KHON KAEN, THAILAND – Ein 54-jähriger Polizeiunterleutnant hat in einem Restaurant im Bezirk Phra Yuen seine geschiedene Ehefrau erschossen. Nach der Tat rief er selbst die Polizei und wartete auf seine Festnahme. Er befindet sich in Untersuchungshaft.
Schuss in einem Restaurant in Phra Yuen
Der Vorfall ereignete sich am Abend in einem Grillrestaurant im Bezirk Phra Yuen, Provinz Khon Kaen. Der Beamte, in Berichten als Tschutschat bezeichnet, suchte dort seine frühere Ehefrau Pattaja auf. Die 50-Jährige war als Dorfvorsteherin in der Region bekannt.

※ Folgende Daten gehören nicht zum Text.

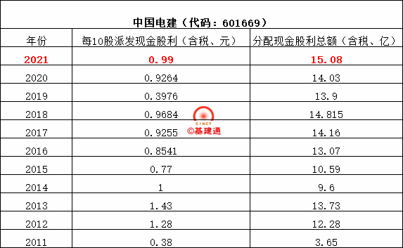 中國(guó)電建2021年度以期末總股本15299035024股,扣除回購(gòu)專(zhuān)戶(hù)股份152999901股為基數(shù),向全體股東每10股派發(fā)現(xiàn)金紅利0.9957元(含稅),共計(jì)分配現(xiàn)金股利15.08億元,占本年度末母公司可供股東分配利潤(rùn)的28.57%,占本年度合并會(huì)計(jì)報(bào)表歸屬于上市公司普通股股東凈利潤(rùn)的20%。

Pattaja erlag ihren Verletzungen noch am Tatort. Rettungskräfte, die kurz nach der Tat eintrafen, konnten ihr nicht mehr helfen. Die Polizei sicherte den Tatort und leitete sofort eine Untersuchung ein.
Täter stellte sich selbst
Tschutschat verließ den Tatort nach der Tat nicht, sondern alarmierte selbst seine Kollegen. Er wartete auf die eintreffenden Beamten und leistete keinen Widerstand bei seiner Festnahme. Das zuständige Revier übernahm die Ermittlungen.
Am folgenden Montag wurde der Beschuldigte dem Gericht in Khon Kaen vorgeführt. Er machte bei der Einlieferung keine öffentlichen Aussagen. Seine Verwandten waren kurz vor dem Gerichtstermin bei ihm.
Geständnis und Motiv
Bei der ersten Vernehmung legte Tschutschat ein umfassendes Geständnis ab. Als Hintergrund nannte er einen seit der Scheidung vor einem Jahr anhaltenden Streit über gemeinsame Schulden sowie Eifersucht wegen der neuen Beziehung seiner Ex-Frau.

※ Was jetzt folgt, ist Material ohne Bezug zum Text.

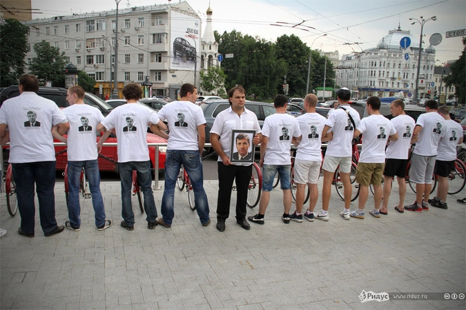Не успели сочувствующие Ходорковскому забыть об инциденте, как за их спинами, за территорией, огороженной под проведения митинга, возникла цепочка из молодых людей. На их футболках был изображен Владимир Петухов с подписью: «Вы плачете по идолам. А кто прольет слезы о тех, кого убили?».

Laut Ermittlungsleiter war der Beschuldigte zum Tatzeitpunkt nicht alkoholisiert. Die Staatsanwaltschaft prüft die Anklagevorwürfe, darunter vorsätzliche Tötung. Eine Verurteilung kann in Thailand mit der Höchststrafe geahndet werden.
Reaktion der Familie
Angehörige des Beschuldigten besuchten ihn vor dem Gerichtstermin. Sein Onkel erklärte gegenüber Medien, man werde den rechtlichen Prozess abwarten. Über die Familie der Getöteten lagen zunächst keine öffentlichen Stellungnahmen vor.
Die Pattaya Mail und thailändische Medien berichteten, dass Tschutschat bei seiner Überführung angab, sich an Teile des Vorfalls nicht erinnern zu können. Die Aussage wird im Rahmen der Ermittlungen bewertet.
Häusliche Gewalt durch Bedienstete des Staates
Der Fall wirft erneut Fragen nach dem Umgang thailändischer Behörden mit Gewaltdelikten auf, die von Polizeibeamten begangen werden. Menschenrechtsorganisationen und Frauenschutzverbände fordern seit Jahren eine konsequentere interne Kontrolle und unabhängige Untersuchungen in solchen Fällen.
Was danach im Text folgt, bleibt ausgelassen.